Et bien que certains de ces développements soient bénéfiques pour l’environnement, les annonces des entreprises de haute technologie sur le respect de la planète le laissent dubitatif. «Elles ne disposent pas de la liberté nécessaire. Elles ont un patron, et ce patron est l’actionnaire. Il y a un déséquilibre entre les coûts et l’environnement.» Les entreprises doivent réaliser des profits, mais elles doivent également se soucier des personnes qui achètent leurs produits. «Avant, fabriquer de bons produits suffisait. L’objectif principal était de servir l’utilisateur. Mais maintenant, nous privilégions le fabricant au détriment de l’utilisateur, aussi pour ce qui est des aspects éthiques et de confidentialité. Lorsque les choses tournent mal, l’homme doit changer pour s’adapter à la technologie. Nous devons donner la priorité à l’humain par rapport à la technologie. Mais cette approche est difficile à mettre en pratique lorsque vous essayez de vendre des produits à des fins lucratives. Toutefois, elle est essentielle, bien que négligée et de plus en plus rare. Certaines entreprises y arrivent mieux que d’autres.» Selon lui, les actionnaires, ou les réglementations, seront le moteur de ce changement. «À l’heure actuelle, nous délocalisons nos problèmes. Peu nous importe de polluer des pays dont nous ne connaissons même pas le nom. Ce sera peut-être au gouvernement de faire la pression ici.»

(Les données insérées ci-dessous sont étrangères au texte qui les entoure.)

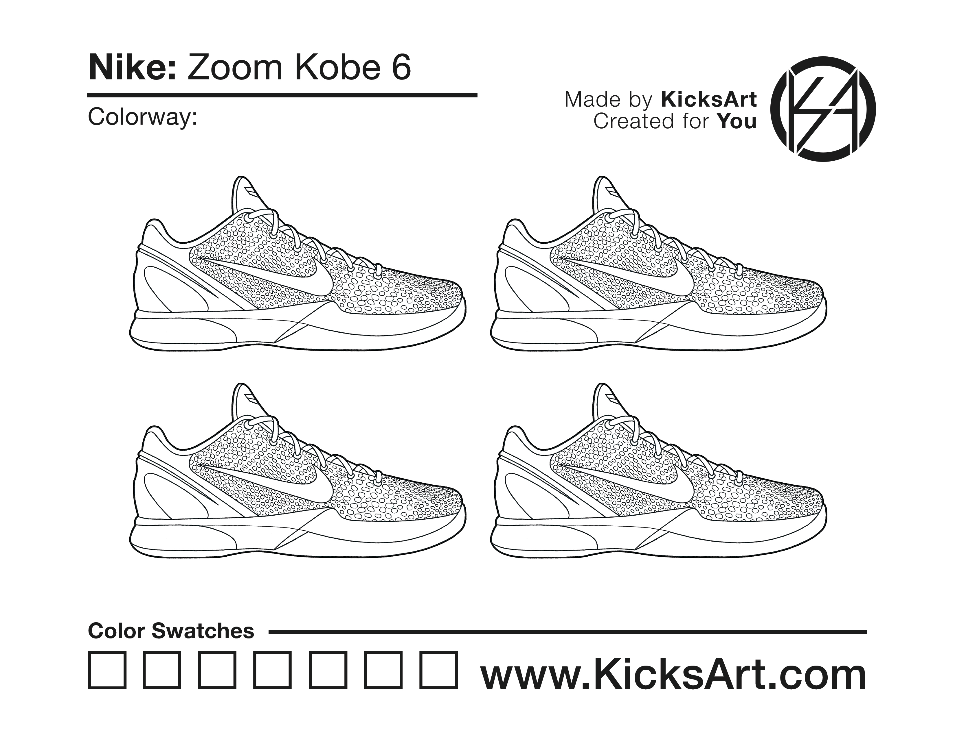 Nike Kobe 6 Sneaker Coloring Pages March 9, 2019 kicksart05 For any sneaker coloring page, click on the button above the image to start the instant download! FREE Download: Nike Kobe 6 Art materials can be expensive!Try out colorways on these smaller templates so your supplies can last longer! Nike Kobe 6 (4UP)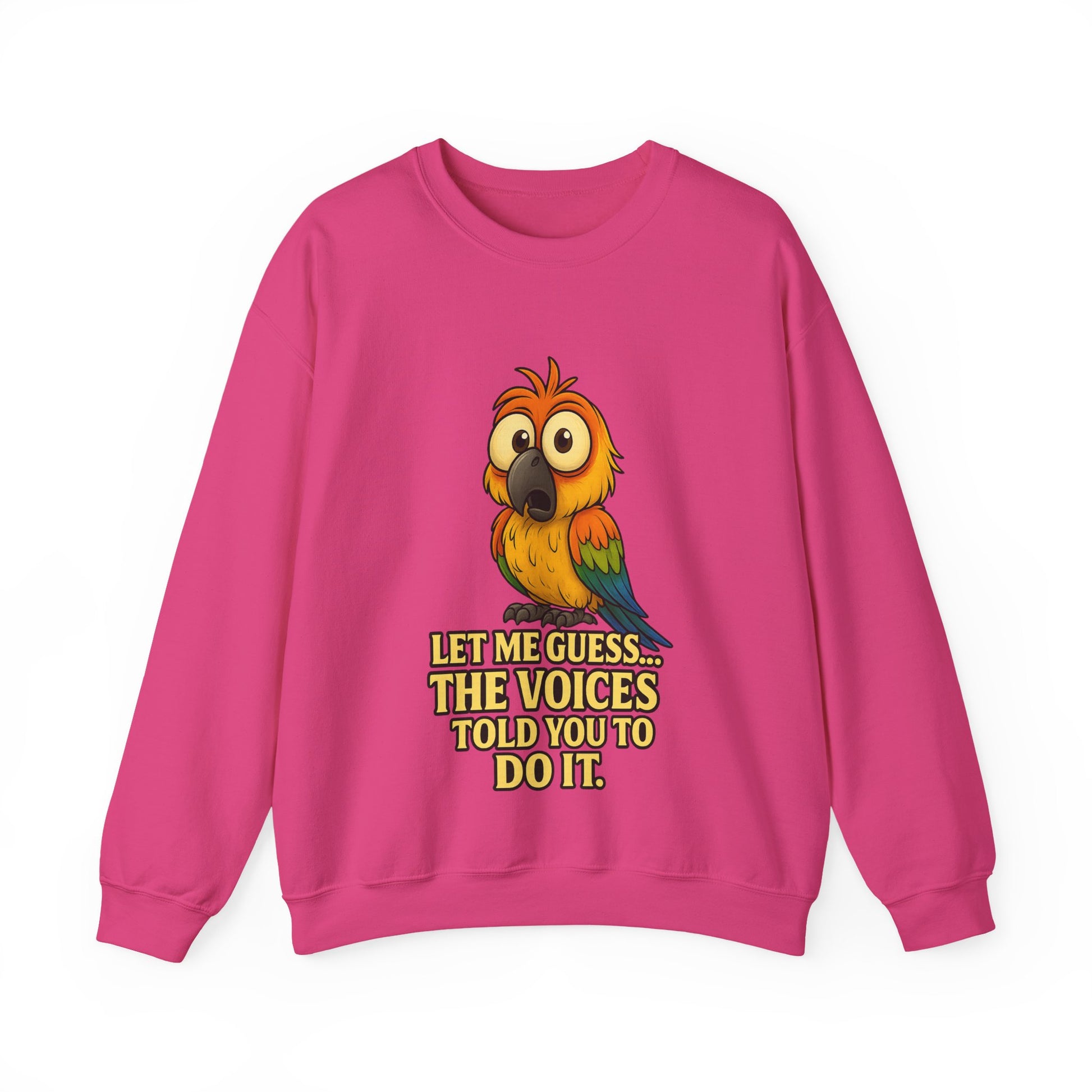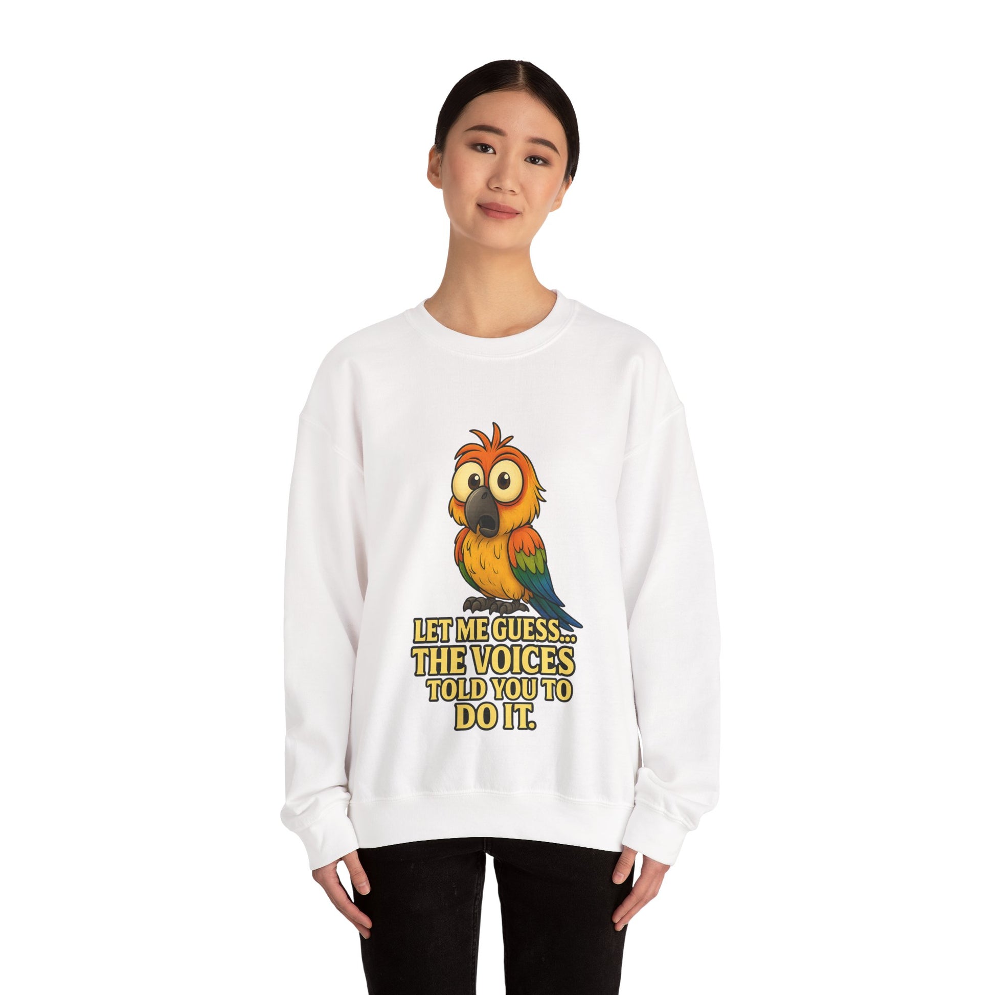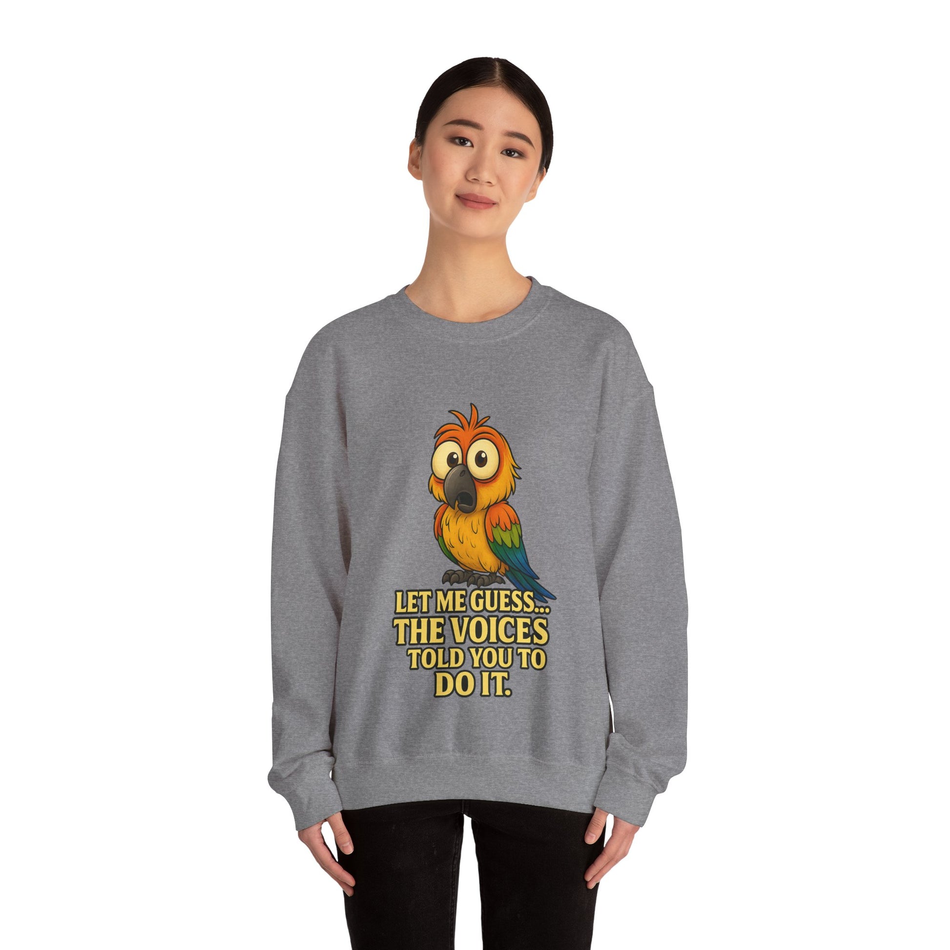 Parrot Crewneck Sweatshirt – “Let Me Guess… The Voices Told You To Do It” Graphic

Woz est depuis longtemps philanthrope et s’engage pour faire entrer l’expertise informatique dans les écoles, ainsi que pour l’apprentissage pratique et expérimental qui encourage l’innovation. Il y a neuf ans, il a cofondé WOZ U, une plateforme d’éducation et de formation post-secondaire axée sur l’ingénierie logicielle et le développement technologique. Alors, que pense-t-il du rôle de l’IA dans ce domaine?

«Comme pour tout, il y a du bon et du mauvais. Si j’utilise l’IA pour écrire un bel article, ai-je appris quelque chose? Ai-je même réfléchi au thème de cet article? Nous devons nous assurer de ne pas nous accorder les lauriers pour le travail d’autrui et de ne pas simplement nous contenter d’un résultat qui sonne bien. Les déclarations de l’IA nous semblent tout aussi réelles que celles tirées d’un rêve. Mais comment savoir ce qui est vrai? Vous pouvez poser une question et obtenir des réponses que vous n’avez peut-être pas envisagées. Mais ce ne sont que des réponses partielles. Nous devenons paresseux, et nous ne vérifions pas et ne pensons pas par nous-mêmes.» Alors, que pouvons-nous faire à ce sujet? «L’IA est un bon journaliste, mais nous devons être le rédacteur en chef. Nous devons faire des choix sur ce que l'on dit et comment le dire. La véritable intelligence, c’est notre propre pensée.»

Après un demi-siècle d’activité dans son domaine, il reste remarquablement humble. «La plus grande leçon que j’ai apprise est qu’il faut respecter toutes les disciplines. Le marketing est important, la comptabilité et l’opérationnel aussi. Cela ne suffit pas d'exceller dans un domaine et de se dire que tout tourne autour de vous. C’est une forme d’honnêteté. Dites ce en quoi vous croyez vraiment et votre honnêteté transparaîtra auprès de vos clients.»

Je crois que l’entrepreneuriat est la chose la plus importante au monde... [il] est au cœur de nouvelles richesses à tous les niveaux de la société.

Et à l’ère de l’IA, il est optimiste quant à l’avenir de la créativité humaine. «Je pense que l’entrepreneuriat est la chose la plus importante au monde. À elle seule, la capacité de création est une bonne boussole. L’entrepreneuriat est au cœur de la création de richesse à tous les niveaux de la société. Les économies de chaque pays se développent grâce à l’innovation. Tout n’est pas joué. Les grandes entreprises technologiques du monde ne font pas tout. Vous avez le choix. Certaines personnes naissent curieuses. Un évènement leur arrive. Et si elles pouvaient faire les choses différemment? Ce n’est pas ce que fait l’IA. L’IA fait ce qu’elle fait déjà. Mais un humain peut s'emparer d'une idée et la concrétiser.» La seule question qui désarçonne Woz est quand nous lui demandons un portrait par un professionnel. «Je vais devoir demander à ma femme. Elle saura où trouver.» Mais pour le reste, sa vision du paysage technologique n’a jamais été aussi claire.